唐突に寝落ちした愛猫に、再度、ため息をつき。
ひよこの毛布でくるんで、そっと膝に抱き下ろし、お疲れ様のMacBookを、zoom会議仕様にします。
…でもね。
複数のデバイスで、電子書籍を読む、というと。
ものすごくたくさんのライブラリを抱えていて、常にデータがぱんぱんで、みたいなイメージがあるけれど。
五台もの機器をリレーして、僕が読んでいるのは、たった一作。
『あたりまえのぜひたく。』という、日々の食事をテーマにした、エッセイマンガ。
…それだけ?
それだけ。
もちろん、物書きだもの、ライブラリがそれだけ、ということはない。
しかし、あとは全部、取材のために、ダウンロードしたようなもの。
読み終わったら、それっきりで、文字通り、蔵書と化している。
『あたりまえのぜひたく。

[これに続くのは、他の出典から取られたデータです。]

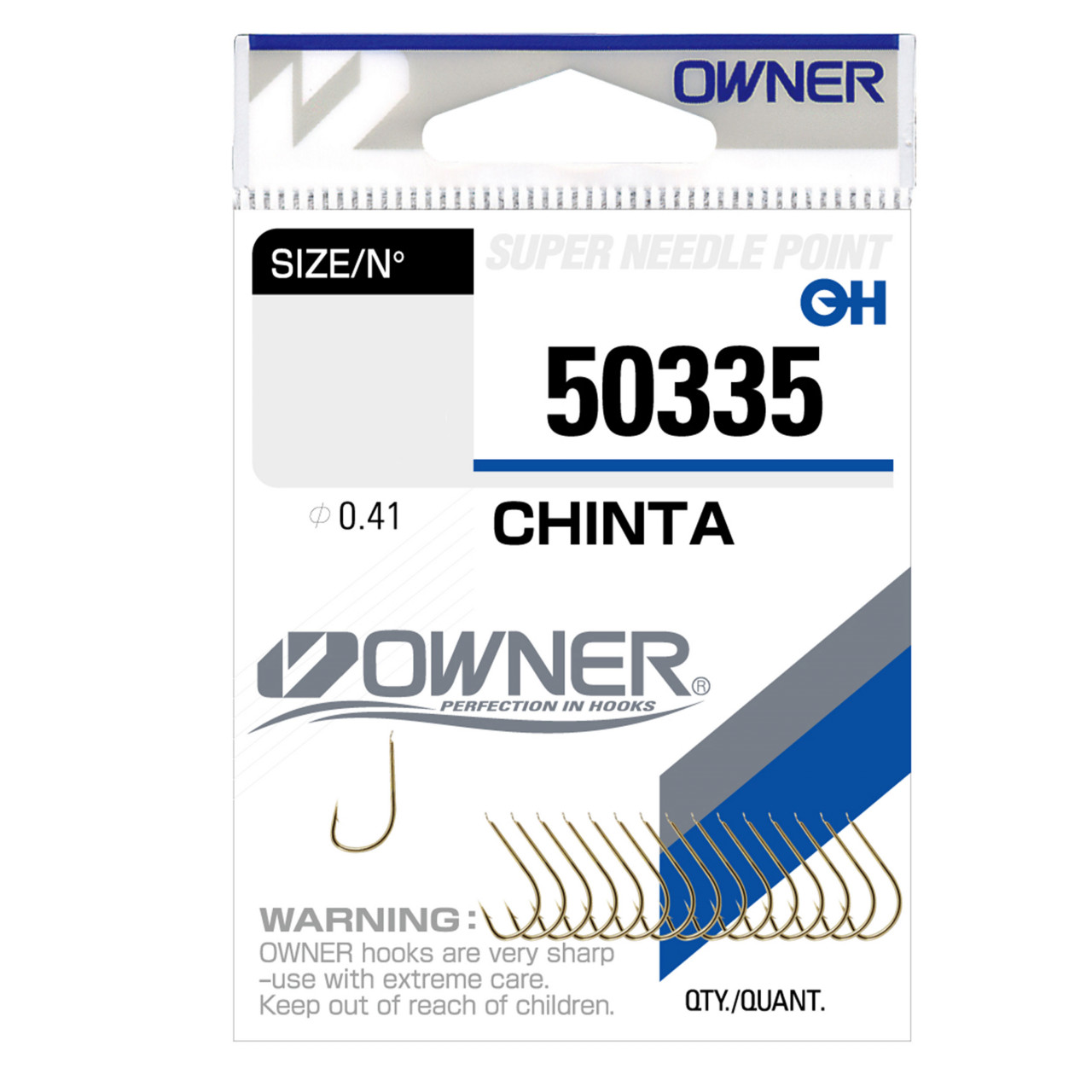 Carligele Owner din gama 50335 CHINTAca orice carlige din aceasta familie (CHINTA) sunt caracterizate ca fiind carlige universale cu larga aplicabilitate. Sunt fabricate din sarma subtire de otel Hi-Carbon - deci sunt elastice, sunt forjate si au varful deosebit de ascutit. Pentru cei interesati, pot fi reconditionate cu un accesoriu de ascutit carlige (eventual diamantat) – nu isi pierd calitatea. Pot fi utilizate in pescuitul cu aproape orice tip de momeala. Dimensiunile mici si medii se preteaza la nade gen viermi, larve, rame, seminte, particule, mamaliga, etc. Dimensiunile mari sunt potrivite pentru pescuitul cu pstisor viu sau broasca la rapitor. Culoarea GOLD (auriu) le face sa fie prferatele pescarilor ce merg in special pe lacuri si balti.

』は、それこそ、味噌汁と白飯のように、僕の常食。
現段階で、全九巻、こつこつ読んでは、また、初めから。
ぴーぷす、ぴーぷす。
ぽわ。ぽわ。
何が、そんなに、ツボなの?
同じ著者の、他の作品も読んだうえで、イチオシがそれだった、とか?
違います。
きくち正太氏の御作を、僕は、そのシリーズしか、読んでいない。
音楽は、完璧に、作り手で、聴いているようなものなのにね。
とても共感のできる、自分とよく似た境遇を描いているとか?
全く、違います。
どこをどう取っても、きくち家の食卓は、構成員を含めて、僕には、再現不能。
それでも、いや、だからこそ。
『あたりまえのぜひたく。』は、僕にとって、基本の出汁なのです。
ぴーぷす、ぴーぷす。
ぽわ。ぽわ。
僕の母は、バリバリのキャリアウーマン。
もうすぐ古稀を迎える今も、現役薬剤師として、医療の最前線に立っています。
『あたりまえのぜひたく。』のキーパーソン、自営の漫画家である主人公を、陰に日向に支える奥様、通称、「おかあさん」とは、似ても似つかない。
それゆえに、逆説的に、僕は、小さい頃、自分が、母に、何を望んでいたか。
この歳になって、やっと知りました。
一緒に、食べよう。
同じメニューを、同じテーブルで。
それだけのことが、なかなか叶わないのが、外で働く母を持つ、あらゆる子供の宿命。
もし、これから、結婚することになったら。
僕は、奥さんに、そうお願いするつもりです。
でもな…。
筋金入りのマザコン、それが、男。
知らず知らずに、母にそっくりな人を、選んでしまうんだろう。
きっと、とっても忙しい、仕事一筋の人が、僕のお相手。
もしくは、誰も現れない。
どちらになるか、マンガを読みつつ、じっくりと、予想したいです。それでは、また。